I think you may be exaggerating what you call a partnership between the media and the military in Vietnam. I read through this Wiki, and while I can’t vet it, it seems pretty specific on how the military and the press cooperated.
Barring a few calculated charm offensives by the military, which were also intended to influence reporting, it doesn’t strike me as being a more or less contentious or transactional relationship than it is today.
If anything, reading about how racist and chauvanist the Western media was towards the Vietnamese makes me thankful for modern journalists, who are willing to tell the stories of people like Shakira or the Yazidis.

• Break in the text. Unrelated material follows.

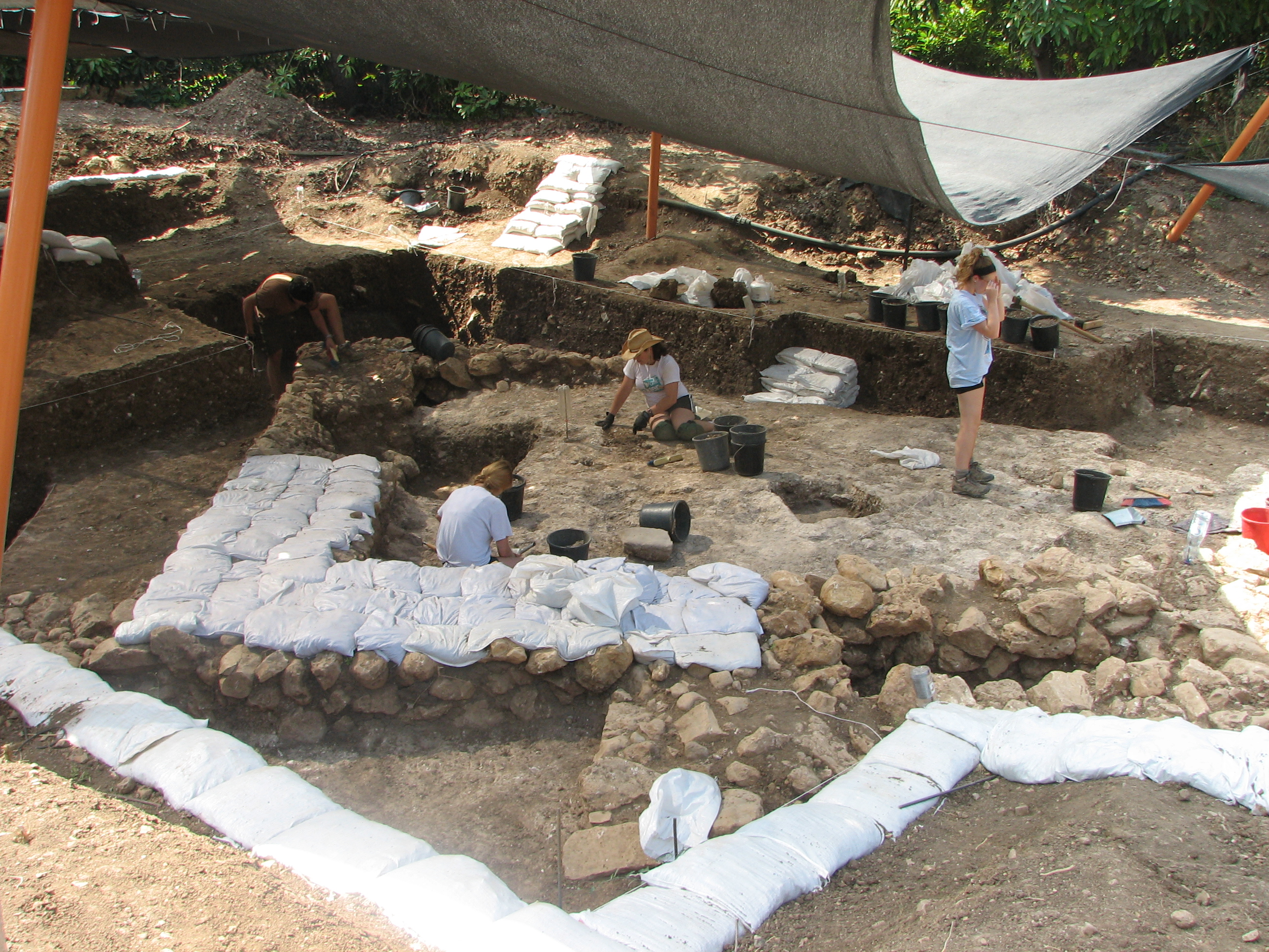 Tell Kabri, is an archaeological site on the grounds of Kibbutz Kabri, near the city of Nahariya, Israel, The tel contains the remains of a Canaanite city from the Middle Bronze Age תל כברי הוא אתר מתקופת הברונזה בשטח החקלאי של קיבוץ כברי. חפירות ארכאולוגיות באתר ביולי 2011

I’m not sure what it is you expect from todays journalists, but I really think the quality of the reporting speaks for itself. We are getting into the minutiae of what our troops are doing sometimes, which absolutely wasn’t the case in Vietnam.
Sometimes our troops are the ones doing the reporting themselves. A lot of the most intense combat footage on YouTube comes from some grunts Go-Pro. “Look ma, an IED!”.
I’ve looked at some of the combat footage on YouTube from Vietnam, but the only real difference I see is that the reporters are able to stick a microphone in someones face 5 minutes after they nearly died, which isn’t ethical, and doesn’t tell me very much about the war.
It’s silly to expect news to have the same weight in an age with a 24 hour news cycle that’s full of junk, peoples phones that are full of junk, blogs that are full of junk, Facebook and Twitter that’s full of junk.
The average household used to have one screen, and the people who got to produce for that screen had to pass a pretty high bar. Now a household has seven or eight screens that any idiot can produce for, and so they’re mostly full of junk.
We should probably try to deal with that as a culture, but it’s a tall order when a lot of people are naive enough to get their news from Facebook, or sucking on the rage juice they get from cable news.
It’s fair to say that as a society we’ve opted not to care. That’s on us.
The stories are still there, the journalists are doing incredible work, and their reporting is being pushed by large news organizations. People can read them if they aren’t too busy watching college girls dance on TikTok.